▶ [WHAT TO WORK ON]: Go through the listing below and retype exactly the lines starting at the one with "Visible Speech Mapping (optional)" and ending at the one with "Fig. 5. Sam", skipping pictures.

▶ [RECORDS SUPPLIED]:

↓

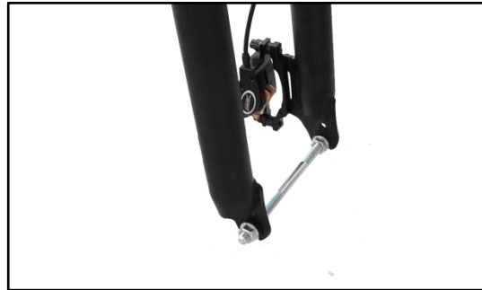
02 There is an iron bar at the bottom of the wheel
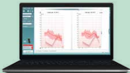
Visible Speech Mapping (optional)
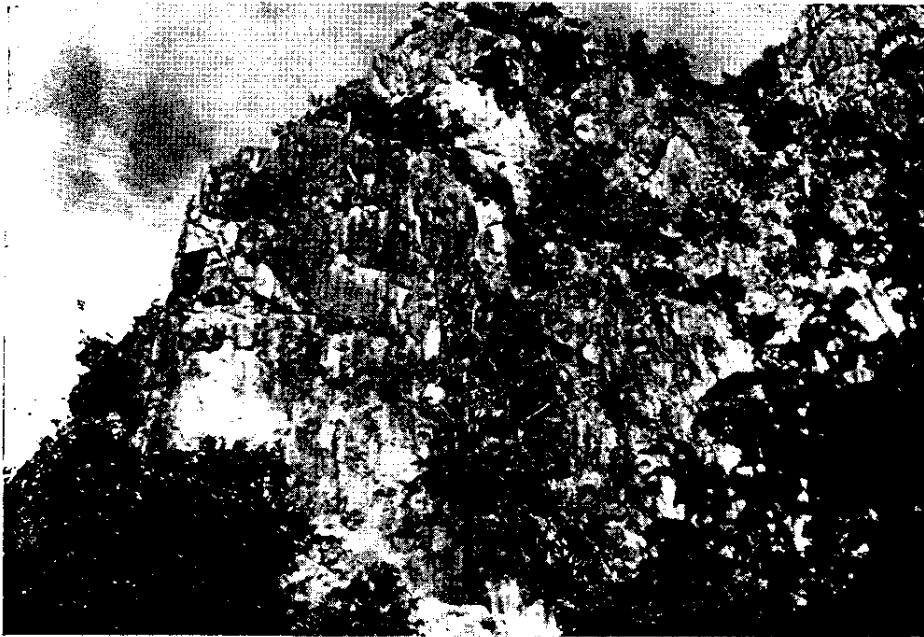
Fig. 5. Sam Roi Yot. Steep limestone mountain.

↑
↓

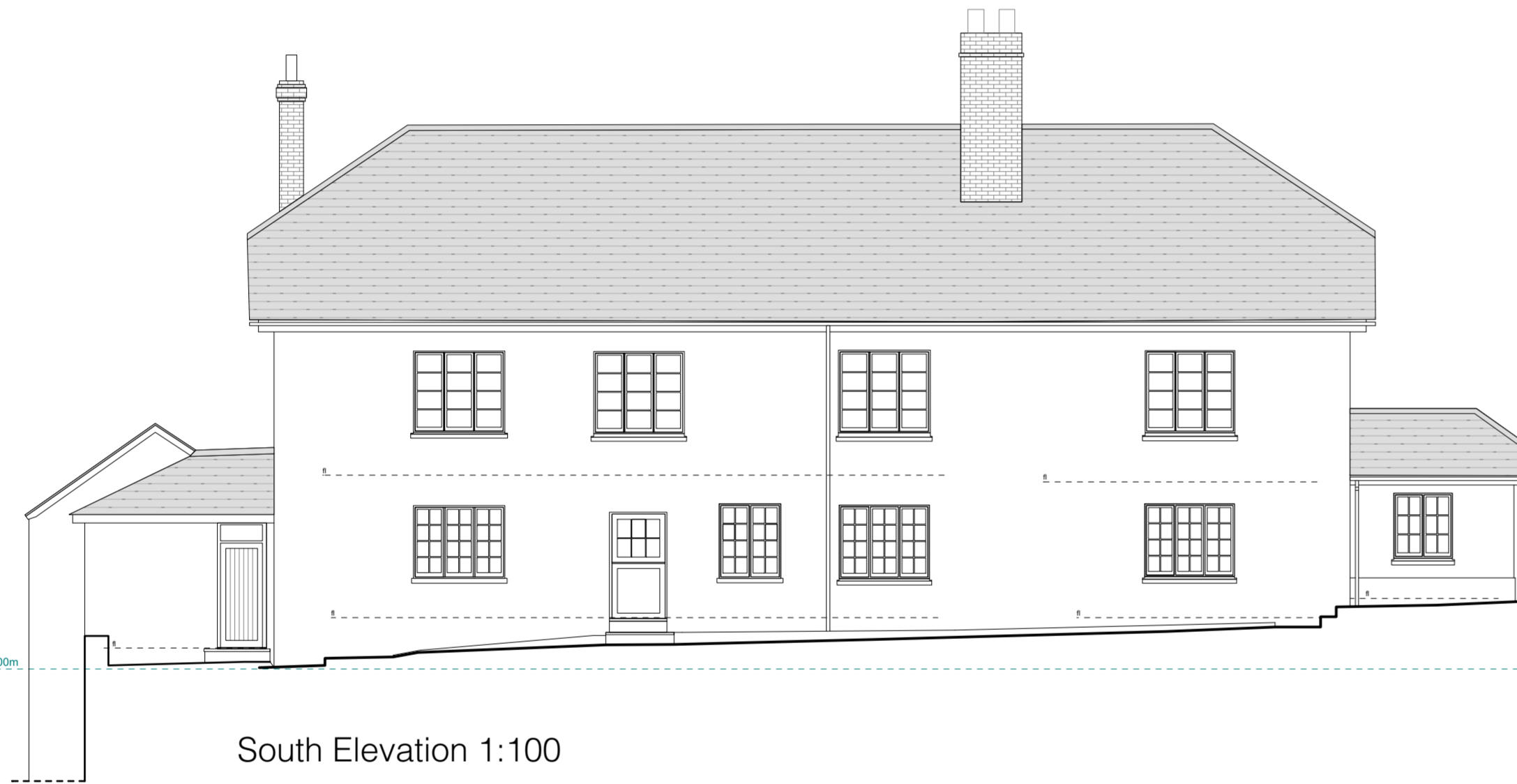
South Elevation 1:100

↑
↓

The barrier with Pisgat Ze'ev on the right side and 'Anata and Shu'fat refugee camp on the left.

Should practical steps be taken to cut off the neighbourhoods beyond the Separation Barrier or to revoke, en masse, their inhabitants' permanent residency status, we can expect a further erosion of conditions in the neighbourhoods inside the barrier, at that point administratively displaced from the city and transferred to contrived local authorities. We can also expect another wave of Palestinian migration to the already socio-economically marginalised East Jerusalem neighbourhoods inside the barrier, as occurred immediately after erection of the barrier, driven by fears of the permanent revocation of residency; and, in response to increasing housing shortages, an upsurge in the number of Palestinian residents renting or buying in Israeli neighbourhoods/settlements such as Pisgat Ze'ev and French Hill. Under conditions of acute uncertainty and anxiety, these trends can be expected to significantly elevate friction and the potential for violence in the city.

↑

▶ [TASK RESPONSE]:
Visible Speech Mapping (optional)
Fig. 5. Sam Roi Yot. Steep limestone mountain.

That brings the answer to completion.